When will the language be used?
- concurrently with the ESP course or subsequently;
- frequently, seldom, in small amounts, in large chunks.

Another form of analysis related to the target situation is of the learning processes
specific to the specialist discipline of the student e.g. legal case studies in MBA courses,
etc. Flowerdew (1989, in Robinson, 1991: 39) proposes that course designers should
conduct a “task analysis of the intellectual abilities employed in the activities of the
academic discipline for which the course is designed”. This information feeds directly
into considerations, in course design, of appropriate methodology and may lead to a task-
based syllabus. The concept of task must be deemed crucial to the current orthodoxy in
EAP course development because it is related to the central concepts of genre, discourse
community and learning task (see Swales, 1990: 68 – 82) and the notion of conceptual
structure of the target discipline, “a suprageneric structure [that] serves to function as a
cognitive model for the discipline, and also to constrain the linguistic features that
identify a particular genre” (Faiz Abdullah, 1998: 15). More importantly, it can be argued
that the notion has profound implications for a critical review, and resolution, of issues
particular to the theory and practice in a given discipline. For example, Love (1991)
postulates a product-process disciplinary model for geology, and Bloor and Makaya
(1990) propose a ‘forecasting’ schema comprising reporting-predicting episodes.

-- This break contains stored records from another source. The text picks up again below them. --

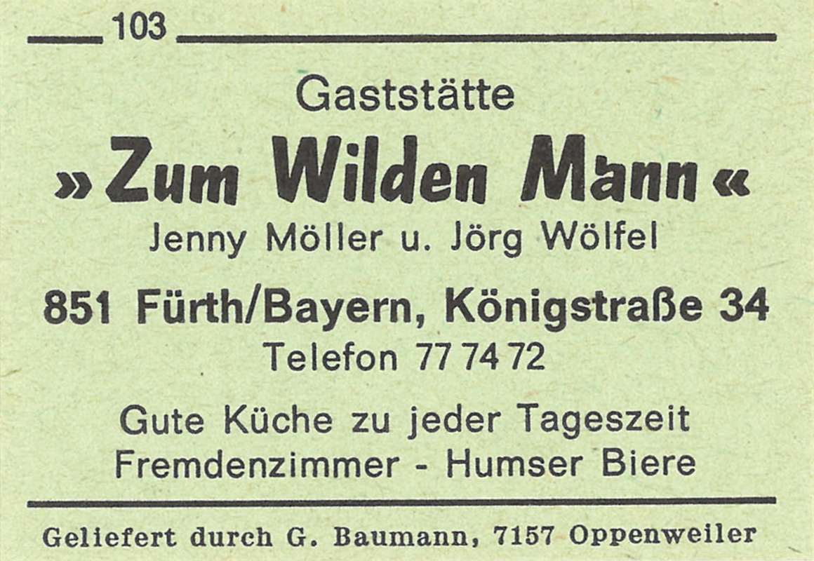 | Beschreibung | Zündholzschachtel-Etikett der Gaststätte Zum Wilden Mann, um 1965 | ||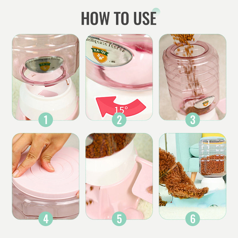 Step 2: Rotate the bucket body clockwise by 15°. Pour in an appropriate amount of food.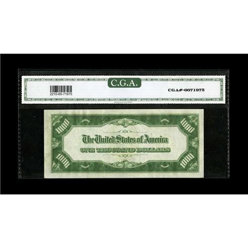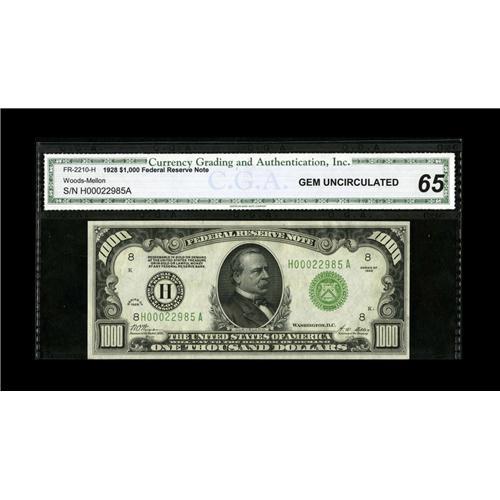 <B>Fr. 2210-H $1000 1928 Federal Reserve Note. CGA Gem Uncirculated 65.</B></I><BR>This note would make a lovely example for type. The colors are bright and the margins decent, but for some tightness at right.<BR><BR><b>Shipping:</b> Coin/Currency (<a target="_blank" href="http://www.heritageauctions.com/common/shipping.php">view shipping information</a>)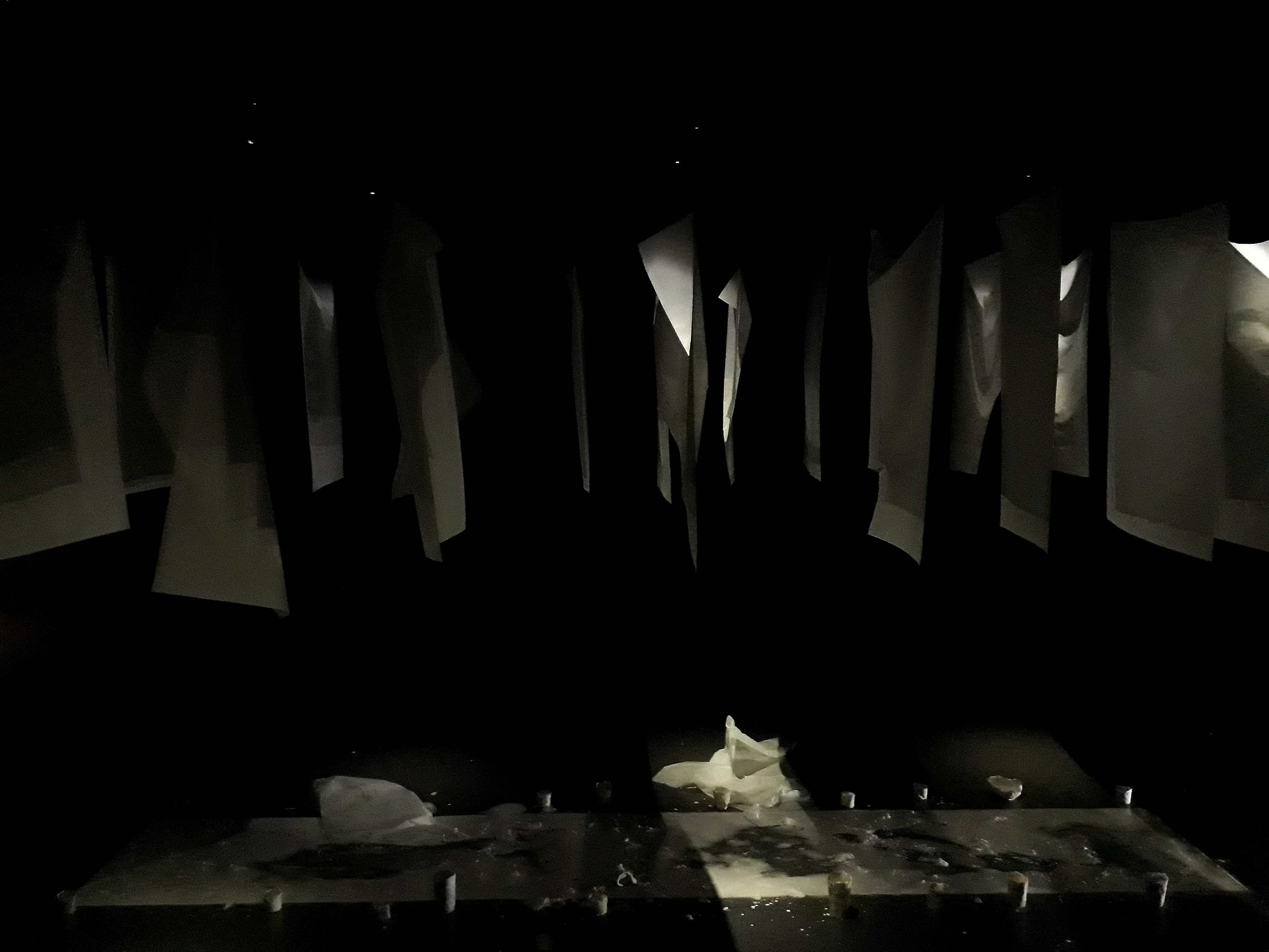 Cette expérience m’a permis d’être au plus près de la matière et de m’en emparer au travers de mon corps entier. Les réactions de la fécule et du papier, leur manière de bouger, de résonner, de passer d’un état à un autre ou encore de sonner, ont influencé mes gestes et mouvements. Je me suis confrontées aux éxigences de ces matières, à leurs caratères aléatoire et imprévisible. Cela a façonné ma vision de la scénographie et de ma démarche artistique actuelle.

Similarly, a problem-solution schematic structure has been proposed for understanding
research in TESOL (see Edge, 1985) within an overarching, discipline-specific reflective
practice model to address the professional practitioner’s essential need to reflect on
practice on the basis of “received” as well as of “experiential” knowledge (Wallace,
1991).

Given the centrality of genre in present orientations to course design, a brief explication
of the concept will be instructive, particularly for E(S)AP. A genre is a class of
communicative events in the target discipline’s discourse community i.e. the community
or groups of scholars, researchers, practitioners and students who share specific interests
with regard to the types of work done in the discipline (Swales, 1990) 2. In other words,
the discourse community of a discipline gets its work done through the genres it owns,
and which are realized in the discourse context as two major categories of research genre
in networked formation:
1) ‘Open’ or ‘public’ genres such as research articles, theses, grant proposals, and
conference papers; and
2) 2) ‘Closed’ or ‘supporting genres’ which include textbook chapter, curriculum
vitae, research paper reviews, and bio-statements.

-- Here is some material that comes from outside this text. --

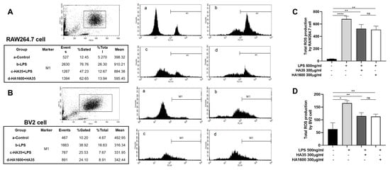 RAW264.7 cells and BV2 cells, which had been centrifuged and adjusted to a cell density of 3 × 106 cells/mL in 200 μL of media, were seeded in 24-well plates. A fluorescent probe, Dihydrorhodamine-123 (DHR-123), for measuring ROS production was added to each well at a final concentration of 5 µM. The cells were then incubated in the dark at 37 °C for 15 min. Subsequently, treatments including 10% FBS, 300 μg/mL HA35 + 10% FBS, and 300 μg/mL HA1600 + 10% FBS were added to wells. The cells were stimulated with 500 ng/mL LPS and incubated for 30 min. Green fluorescence was measured using a flow cytometer with a 488 nm wavelength laser for excitation and the detection of emission at 575 nm. The average fluorescence intensity was labeled as M1, and the total fluorescence intensity was calculated as the product of % gated and the mean fluorescence intensity (MFI).
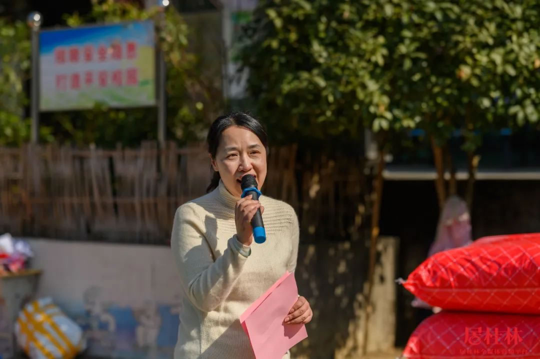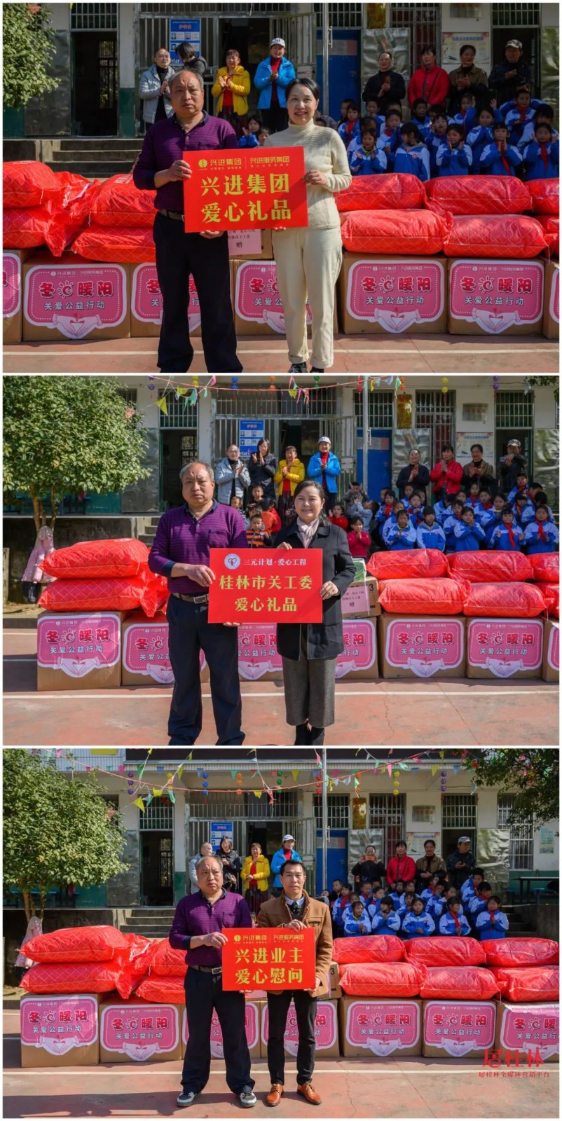 中午12點(diǎn),愛心車隊(duì)抵達(dá)白嶺小學(xué),這位"圣誕老人"終于揭開神秘面紗,他們就是由興進(jìn)集團(tuán)和眾多愛心人士組成的一行30多人愛心公益團(tuán)隊(duì),包括了桂林市市委組織部副部長、老干部局局長、市關(guān)工委副主任黃小桂,市關(guān)工委副主任王榕,市關(guān)工委辦公室主任宦福成,全州縣委組織部副部長、老干局部局長、縣關(guān)工委副主任韋同波,全州縣關(guān)工委辦公室主任劉鑫,五老成員愛心人士宋慧萍、周佳、唐軍紅、黃潔瓊等。

The research article occupies the central position in the main network of key open or
public domain genres (Swales and Feak, 2000: 7-8). Understanding how each key genre
in a discipline is structured and how it functions in the discourse community often helps
students understand the important topics and issues that are current and how these are
addressed and/or resolved. Swales (1990) proposes that this understanding of genres is
enhanced in EAP through the use of properly designed learning tasks (hence, the need for
task analysis mentioned above). Each learning task may comprise a series of content-
and/or language-focused exercises or activities that highlight different aspects of a
particular genre and its role in the community.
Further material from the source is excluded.